The murder of dissident journalist Jamal Khashoggi was planned by Saudi crown prince Mohammad Bin Salman's (widely known as MBS) media adviser, a number of media outlets reported on Saturday.
Saud al-Qahtani, known for his work for the crown prince as a social media adviser responsible for the smear campaign against dissidents, is now considered the man behind the Khashoggi case as both planner and director of the operation, the Wall Street Journal (WSJ) reported. According to the WSJ article "Behind Saudi Prince's Crackdown Was Confidant Tied to Khashoggi Killing," al-Qahtani is now under criminal investigation and fired from his job as media adviser.
Saud al-Qahtani, known for his work for the crown prince as a social media adviser, claimed to be responsible for the smear campaign against dissidents.
Khashoggi, a Saudi national and columnist for The Washington Post, disappeared Oct. 2 after entering the Saudi Consulate in Istanbul to receive paperwork he needed to get married. Once inside the consulate, he was immediately strangled and then dismembered, according to the Istanbul Prosecutor's office. The case has brought near unprecedented international scrutiny on Saudi Arabia and its powerful crown prince, whom Khashoggi had openly criticized.
The article also reported that al-Qahtani first tried to convince Khashoggi to return to Riyadh but when he failed, he planned the murder. The article questions whether or not the crown prince was aware of the plot since al-Qahtani was known as his "right-hand."
Revealing the WhatsApp messages of al-Qahtani to Khashoggi, the article shows that he tried to convince Khashoggi to return to his hometown by saying: "The crown prince values your role as an editor. He wants you back in Saudi Arabia." When Khashoggi' refused the request, Saudi Arabia banned his son Salah from leaving the kingdom, a ban that was lifted last week with Salah going to the U.S.
Although it has been more than a month, the killing of Khashoggi continues to be a mystery as the body is still yet to be found. In an opinion piece published in The Washington Post, President Recep Tayyip Erdoğan said Turkey knows the perpetrators are among the 18 suspects detained in Saudi Arabia.

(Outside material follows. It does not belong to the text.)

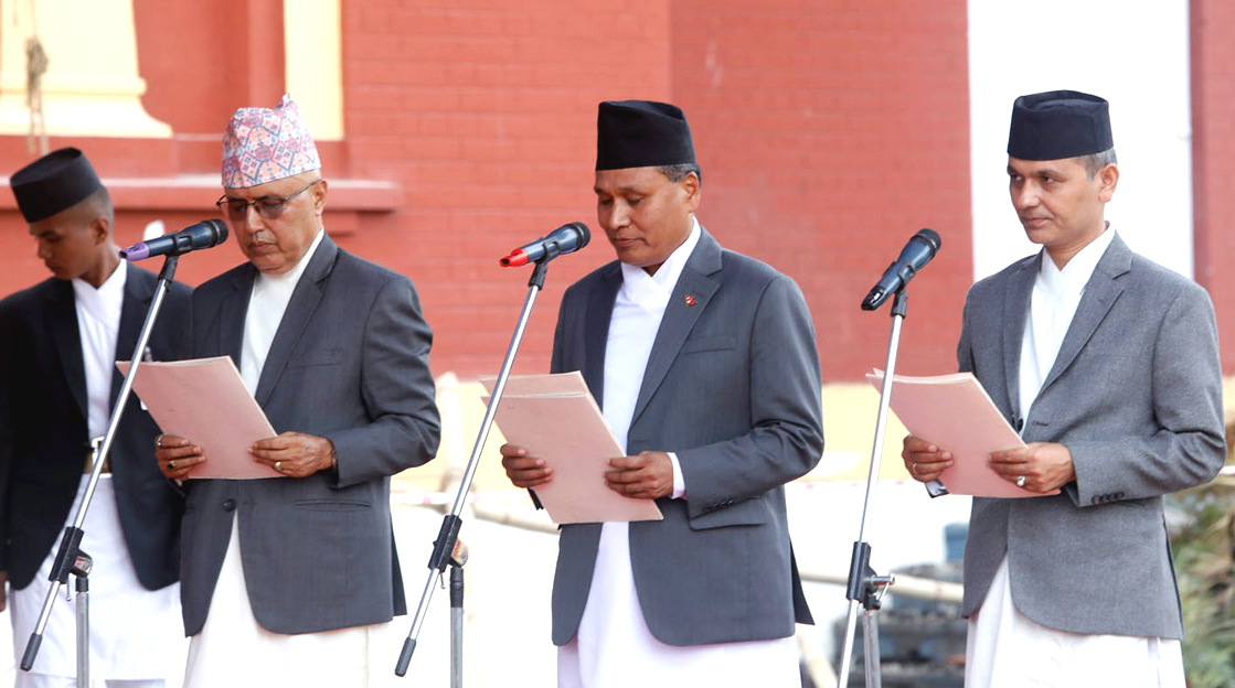 शपथग्रहण समारोह शीतल निवास परिसरमा विशेष टेन्टमुनी सम्पन्न गरिएको हो।

On the same day Khashoggi disappeared, 15 Saudis, many of them Saudi intelligence operatives, arrived in Istanbul and visited the consulate at the time of the disappearance. Three others arrived a day before the incident. All of these individuals have since left Turkey and were later arrested by Saudi authorities.
"We also know that those individuals came to carry out their orders: Kill Khashoggi and leave. Finally, we know that the order to kill Khashoggi came from the highest levels of the Saudi government," said Erdoğan.
The president said Turkey's efforts led the world to learn Khashoggi was killed in cold blood by a death squad and established his murder was premeditated. "Yet there are other, no less significant questions whose answers will contribute to our understanding of this deplorable act," said Erdoğan, including the whereabouts of Khashoggi's body, the identity of the "local collaborator" who was given his remains, and who ordered the killing.
"Unfortunately, the Saudi authorities have refused to answer those questions," said Erdoğan, who pledged to keep asking questions, which he said was crucial to the Turkish probe into the murder.
On Wednesday, Istanbul's prosecutor's office released a statement saying that Saudi Arabia's Chief Public Prosecutor Saud al-Mojeb and the accompanying delegation, who came to Turkey for the case, were asked where Khashoggi's body was, if there was any evidence found by the Saudi authorities on premeditated plans for the killing, and who the local accomplice mentioned by Saudi officials was. The prosecutor's office reiterated Turkey's request for extradition of the suspects arrested by Saudi Arabia in the Khashoggi case, given that the crime scene was in Turkey and Turkish officials are authorized to conduct the investigation.
"At the very least, he deserves a proper burial in line with Islamic customs. We owe it to his family and friends, including his former colleagues at the Post, to give them an opportunity to say their goodbyes and pay their respects to this honorable man," said Erdoğan.
Turkey's efforts to uncover the case continue to be praised by the international community, the latest of which came from Iran, saying that Turkish authorities have showed "excellent" work.
Haşmetullah Felhetpişe, the head of the national security and foreign policy commission of the Iranian Parliament,, said that the international community labeled President Erdoğan and Turkish authorities as honorable people due to their actions in the Khashoggi case.
"Turkey should dig deeper into the case and solve it. If the perpetrators of the Khashoggi case remain uncovered, then we would have to deal with bigger murder cases in the region," Felahetpişe said. Meanwhile, the former intelligence head of Saudi Arabia, Prince Turki bin Faisal Al Saud, whom Khashoggi previously worked for as a consultant, is banned from giving a conference at Harvard University. The university indicated that the Khashoggi case is the reason behind the cancellation, saying, "Due to the Khashoggi case, it would not be the right time." Last week, Turki said that due to the Khashoggi case, U.S.-Saudi relations are under threat. He recalled the long history of the two countries' ties and also said that the case is making Saudi Arabia look like "the devil."